Task to complete:
The needed output is the run of lines below from the one containing "等市值超万亿元的大市值公司 ,以及 长江电力、隆基绿能、通威股份、海螺水泥、紫金矿业、恩捷股份等细分领域龙头公司 。" through the one containing "Ferrero Rocher Hand BouquetFerrero", copied exactly and free of pictures.
------------
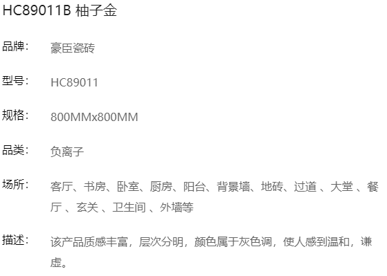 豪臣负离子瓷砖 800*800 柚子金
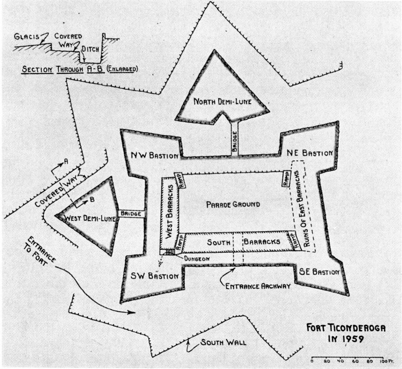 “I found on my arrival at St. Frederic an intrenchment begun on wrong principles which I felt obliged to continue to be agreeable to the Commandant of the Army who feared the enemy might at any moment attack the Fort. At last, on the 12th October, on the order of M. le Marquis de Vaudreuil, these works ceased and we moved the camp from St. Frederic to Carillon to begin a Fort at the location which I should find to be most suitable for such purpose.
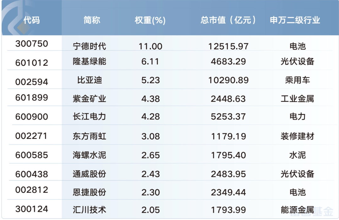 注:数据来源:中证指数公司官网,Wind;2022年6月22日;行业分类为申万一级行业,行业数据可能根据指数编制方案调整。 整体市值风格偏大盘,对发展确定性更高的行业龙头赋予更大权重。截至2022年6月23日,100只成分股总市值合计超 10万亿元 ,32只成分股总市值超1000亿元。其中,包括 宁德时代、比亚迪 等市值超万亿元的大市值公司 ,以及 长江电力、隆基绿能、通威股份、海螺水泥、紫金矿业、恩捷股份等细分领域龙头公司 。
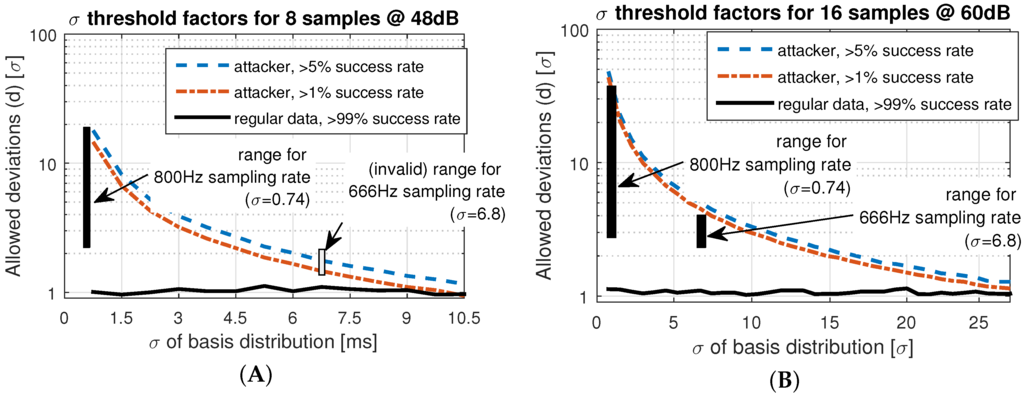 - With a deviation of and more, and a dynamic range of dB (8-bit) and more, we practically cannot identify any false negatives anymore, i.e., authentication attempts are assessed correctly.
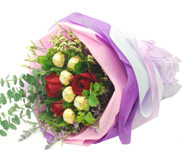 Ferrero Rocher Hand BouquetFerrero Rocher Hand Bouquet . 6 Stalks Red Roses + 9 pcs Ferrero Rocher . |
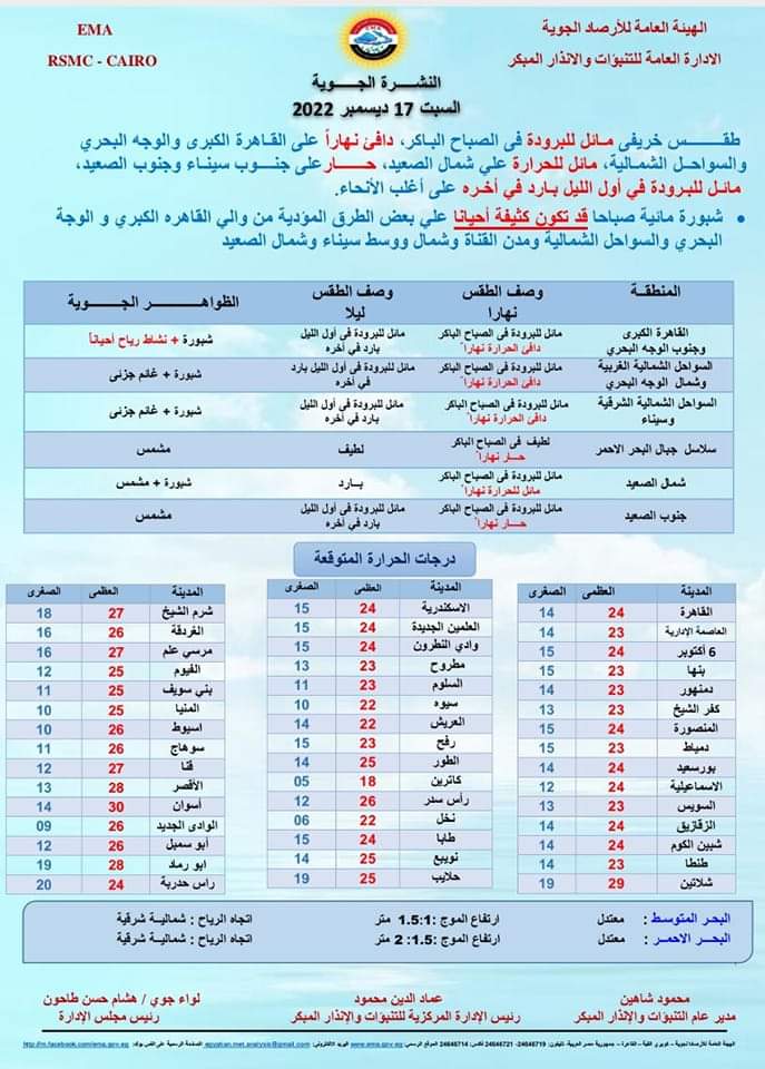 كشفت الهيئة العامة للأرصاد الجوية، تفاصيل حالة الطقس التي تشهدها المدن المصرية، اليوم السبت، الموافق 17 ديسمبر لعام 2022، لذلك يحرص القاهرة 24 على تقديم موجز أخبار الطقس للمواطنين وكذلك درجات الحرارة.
------------
Expected output:
 注:数据来源:中证指数公司官网,Wind;2022年6月22日;行业分类为申万一级行业,行业数据可能根据指数编制方案调整。 整体市值风格偏大盘,对发展确定性更高的行业龙头赋予更大权重。截至2022年6月23日,100只成分股总市值合计超 10万亿元 ,32只成分股总市值超1000亿元。其中,包括 宁德时代、比亚迪 等市值超万亿元的大市值公司 ,以及 长江电力、隆基绿能、通威股份、海螺水泥、紫金矿业、恩捷股份等细分领域龙头公司 。
 - With a deviation of and more, and a dynamic range of dB (8-bit) and more, we practically cannot identify any false negatives anymore, i.e., authentication attempts are assessed correctly.
 Ferrero Rocher Hand BouquetFerrero Rocher Hand Bouquet . 6 Stalks Red Roses + 9 pcs Ferrero Rocher . |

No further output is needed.